There’s this concept in autistic community called pebbling.
Pebbling comes from the behavior of Adélie penguins. Male Adélie penguins court their mates by bringing them pebbles. The right pebble, carefully selected, offered as a gesture of love and devotion. The penguin finds the thing and brings it to the one they love. That is the whole act. That is everything.
Neurodivergent people do this constantly.
The article sent at a wee hour of the morning because it made you think of someone. The meme that could only have been sent to one specific person. The small object spotted somewhere and immediately purchased because it was exactly right for exactly them. The song, the book, the recipe, the thing you found while doing something entirely unrelated and immediately knew belonged to someone else. The pebble.
I am a prolific pebbler. I have been my whole life without having a name for it. I see something and I think of someone and the connection between the thing and the person is immediate and complete and I have to act on it. I cannot see the thing and not send it, not bring it, not somehow get it from where it is to where they are. The impulse is not optional.
This is a love language that most love language frameworks do not adequately capture. It is not gift giving in the conventional sense. It is not about the size or the expense or the occasion. It is about the noticing. The fact that you were somewhere doing something and your mind went to this person with such specificity that you found the exact thing that was theirs. The pebble is evidence of the thought. The thought is the gift.

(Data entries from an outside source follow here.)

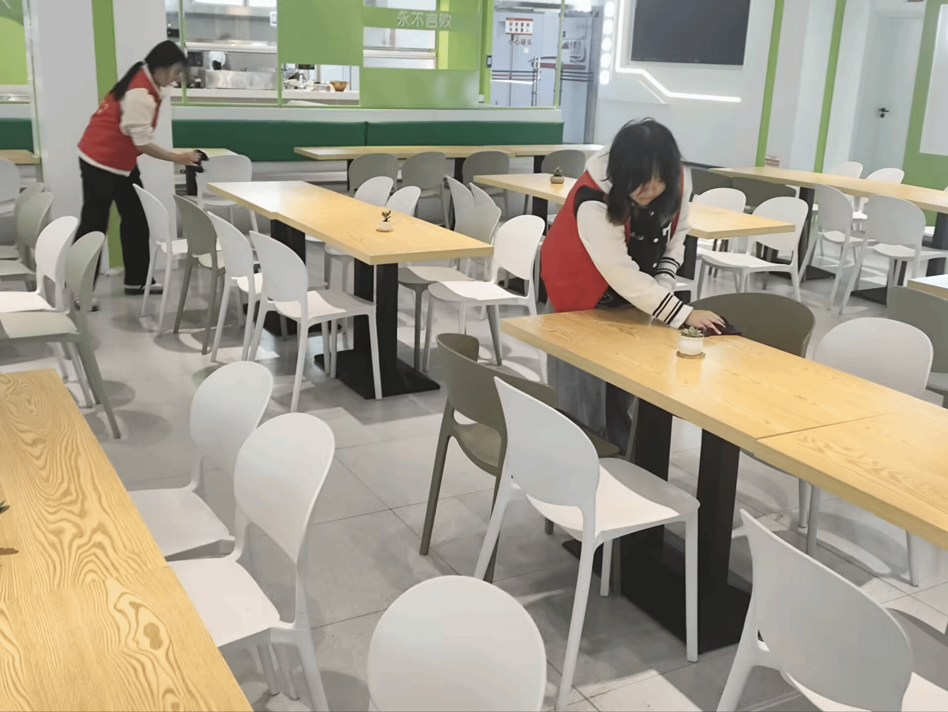 经过两小时的辛勤付出,杏苑餐厅内所有餐桌均焕然一新,桌面无污渍、无异味,为后续就餐的师生提供了干净整洁的环境。食堂工作人员对志愿者们的热心帮助表示诚挚感谢:“用餐高峰后清洁压力大,同学们的志愿行动既减轻了我们的负担,也为校园文明树立了好榜样。”参与活动的志愿者林雅贞表示:“亲手把脏乱的餐桌打扫干净,看着大家在整洁环境中就餐,既体会到了劳动的成就感,也更懂食堂工作人员的辛劳。”
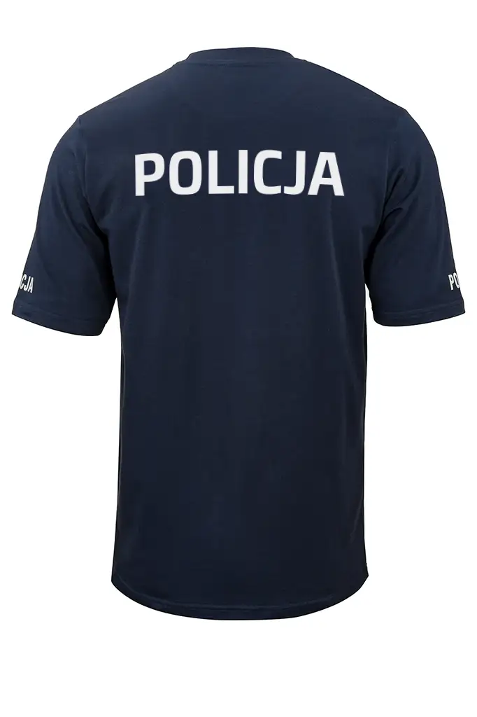 Koszulka została zaprojektowana jako element odzieży przeznaczonej dla służb mundurowych. Napis „POLICJA” umieszczony na piersi oraz rękawach wykonano metodą termo transferu, co zapewnia trwałość nadruku i jego czytelność podczas użytkowania.
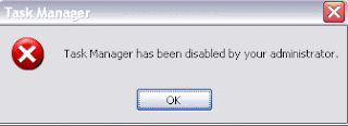 Apakah anda pernah mengalami Ketika Task Manager Tidak mau Terbuka. baik ketika klik kanan di taksbar. maupun ketika di tekan Ctrl+Alt+del. task manager tetap tak terbuka hanya muncul pesan selamat anda mendapatkan hadiah 1 unit mobil Avanza.hehehehe.... becanda gan. maksud saya muncul pesan "Task Manager has been disabled by your administrator" padahal kita lagi pengen nampilkan 'task manager' dengan alasan
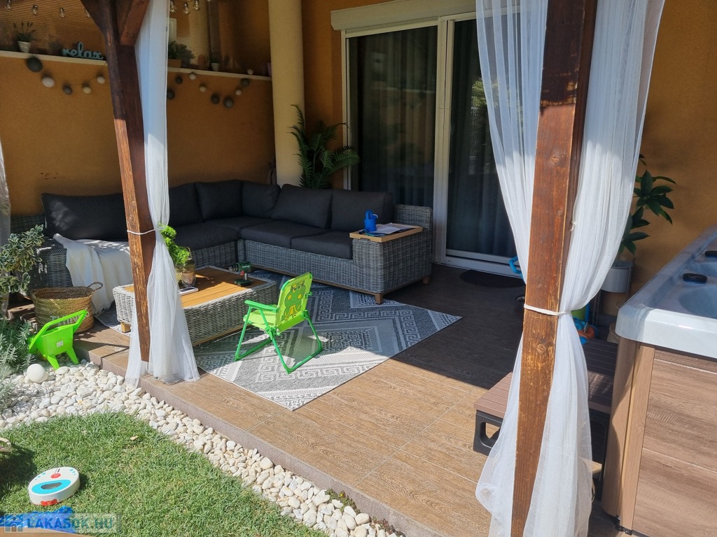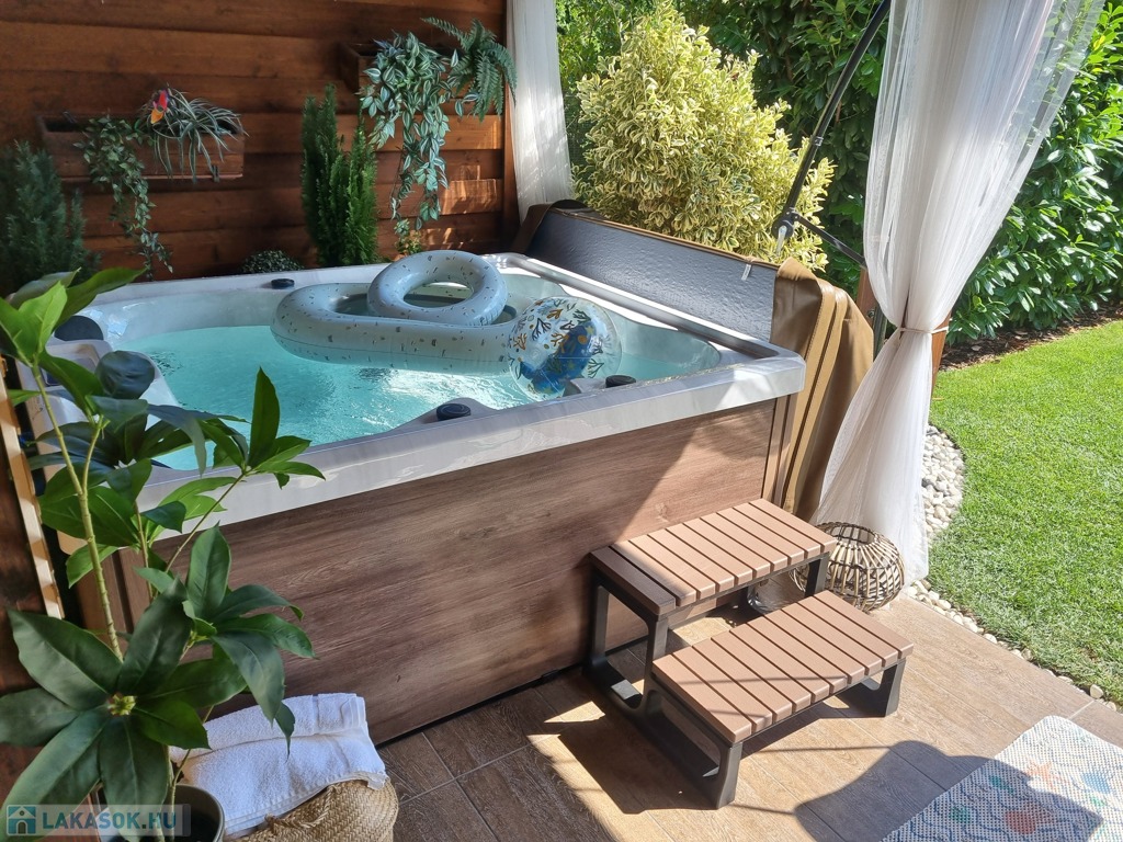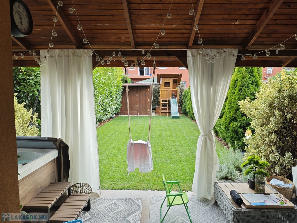 A földszinti terasz fedett, így télen-nyáron remekül használható, egy 4 személyes jakuzzinak és kerti ülőgarnitúrának is helyet ad. A kertben a gyepszőnyeg, az örökzöld tuják és a babérmeggy sövény öntözését automata locsolórendszer biztosítja. A kert végében található egy kb. 4 m²-es faház a kerti szerszámok tárolására.

For neurodivergent people who sometimes struggle to say I love you directly, who find emotional expression easier through action than through words, who communicate best when there is something concrete to point to, pebbling is the native language of affection. It says “I was not with you and I thought of you anyway.” It says “I know you specifically enough to know this is yours.” It says “you are in my mind even when you are not in the room.”
Seth receives a significant volume of pebbles. He has learned to understand what they mean, which is that I was somewhere and I thought of him, which happens frequently and always has. The articles and the memes and the cards and the letters and the small objects and the songs. Pebbles. All of them pebbles.
If someone in your life does this for you, receives it as what it is. They found something and they thought of you and they brought it to you. That is the whole of what love looks like in a certain kind of brain.
It is not a small thing. It is actually the whole thing, offered in the form of something small.